──────── Given data

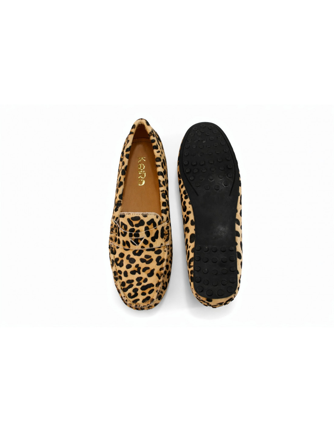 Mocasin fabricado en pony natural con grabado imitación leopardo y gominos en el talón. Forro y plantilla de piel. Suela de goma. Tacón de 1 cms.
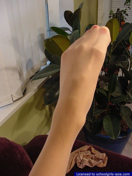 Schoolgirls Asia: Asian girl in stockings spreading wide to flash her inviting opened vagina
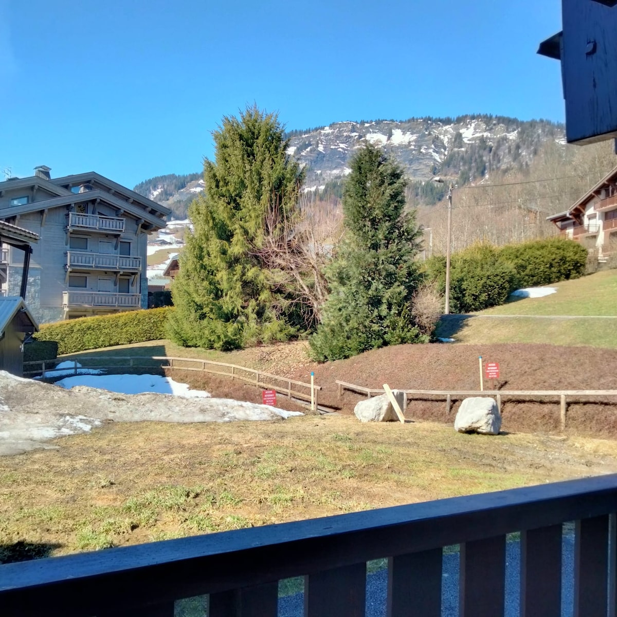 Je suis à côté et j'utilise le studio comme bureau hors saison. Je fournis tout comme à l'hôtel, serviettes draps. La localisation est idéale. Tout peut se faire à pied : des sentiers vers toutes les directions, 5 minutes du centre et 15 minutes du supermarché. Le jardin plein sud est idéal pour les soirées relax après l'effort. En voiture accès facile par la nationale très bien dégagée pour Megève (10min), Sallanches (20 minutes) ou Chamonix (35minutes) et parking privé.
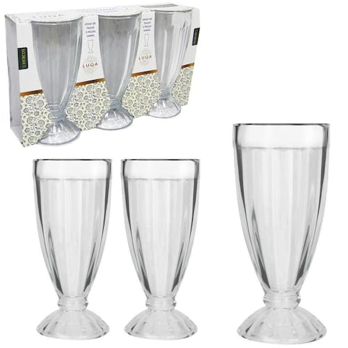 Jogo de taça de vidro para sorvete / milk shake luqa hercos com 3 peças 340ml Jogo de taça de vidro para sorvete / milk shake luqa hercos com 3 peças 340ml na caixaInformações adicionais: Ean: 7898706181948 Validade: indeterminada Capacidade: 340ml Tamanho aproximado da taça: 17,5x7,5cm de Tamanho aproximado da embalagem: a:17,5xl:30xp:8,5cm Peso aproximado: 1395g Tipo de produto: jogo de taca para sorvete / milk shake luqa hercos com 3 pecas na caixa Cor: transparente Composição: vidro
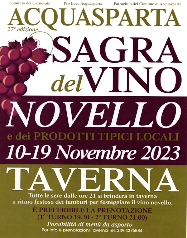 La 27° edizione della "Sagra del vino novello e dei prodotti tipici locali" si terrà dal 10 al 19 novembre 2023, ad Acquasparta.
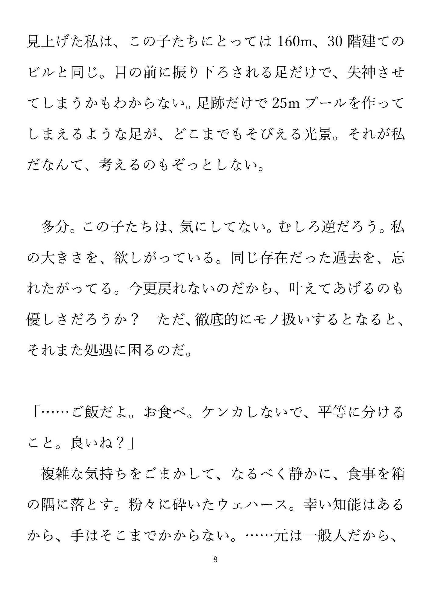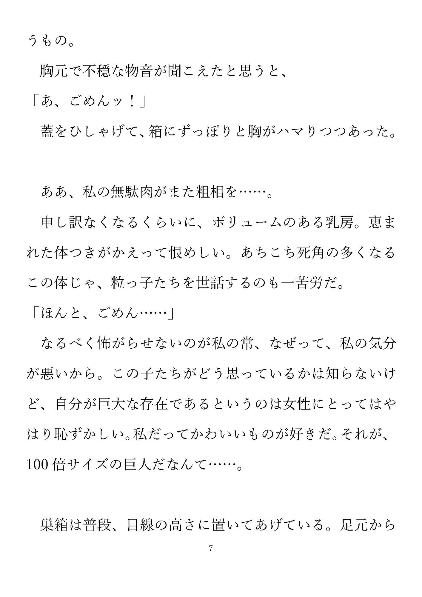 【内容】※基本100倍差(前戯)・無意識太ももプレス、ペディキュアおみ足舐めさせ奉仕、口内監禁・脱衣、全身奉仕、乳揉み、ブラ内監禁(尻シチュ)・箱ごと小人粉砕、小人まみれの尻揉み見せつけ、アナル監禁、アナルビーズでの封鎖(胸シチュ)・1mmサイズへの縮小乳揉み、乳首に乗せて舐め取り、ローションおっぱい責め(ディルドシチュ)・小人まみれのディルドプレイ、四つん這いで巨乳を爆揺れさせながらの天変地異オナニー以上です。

────────────────

__Activity__:
Each entry above should be written out verbatim, minus its pictures.

__Solution__:
 Mocasin fabricado en pony natural con grabado imitación leopardo y gominos en el talón. Forro y plantilla de piel. Suela de goma. Tacón de 1 cms.
 Schoolgirls Asia: Asian girl in stockings spreading wide to flash her inviting opened vagina
 Je suis à côté et j'utilise le studio comme bureau hors saison. Je fournis tout comme à l'hôtel, serviettes draps. La localisation est idéale. Tout peut se faire à pied : des sentiers vers toutes les directions, 5 minutes du centre et 15 minutes du supermarché. Le jardin plein sud est idéal pour les soirées relax après l'effort. En voiture accès facile par la nationale très bien dégagée pour Megève (10min), Sallanches (20 minutes) ou Chamonix (35minutes) et parking privé.
 Jogo de taça de vidro para sorvete / milk shake luqa hercos com 3 peças 340ml Jogo de taça de vidro para sorvete / milk shake luqa hercos com 3 peças 340ml na caixaInformações adicionais: Ean: 7898706181948 Validade: indeterminada Capacidade: 340ml Tamanho aproximado da taça: 17,5x7,5cm de Tamanho aproximado da embalagem: a:17,5xl:30xp:8,5cm Peso aproximado: 1395g Tipo de produto: jogo de taca para sorvete / milk shake luqa hercos com 3 pecas na caixa Cor: transparente Composição: vidro
 La 27° edizione della "Sagra del vino novello e dei prodotti tipici locali" si terrà dal 10 al 19 novembre 2023, ad Acquasparta.
 【内容】※基本100倍差(前戯)・無意識太ももプレス、ペディキュアおみ足舐めさせ奉仕、口内監禁・脱衣、全身奉仕、乳揉み、ブラ内監禁(尻シチュ)・箱ごと小人粉砕、小人まみれの尻揉み見せつけ、アナル監禁、アナルビーズでの封鎖(胸シチュ)・1mmサイズへの縮小乳揉み、乳首に乗せて舐め取り、ローションおっぱい責め(ディルドシチュ)・小人まみれのディルドプレイ、四つん這いで巨乳を爆揺れさせながらの天変地異オナニー以上です。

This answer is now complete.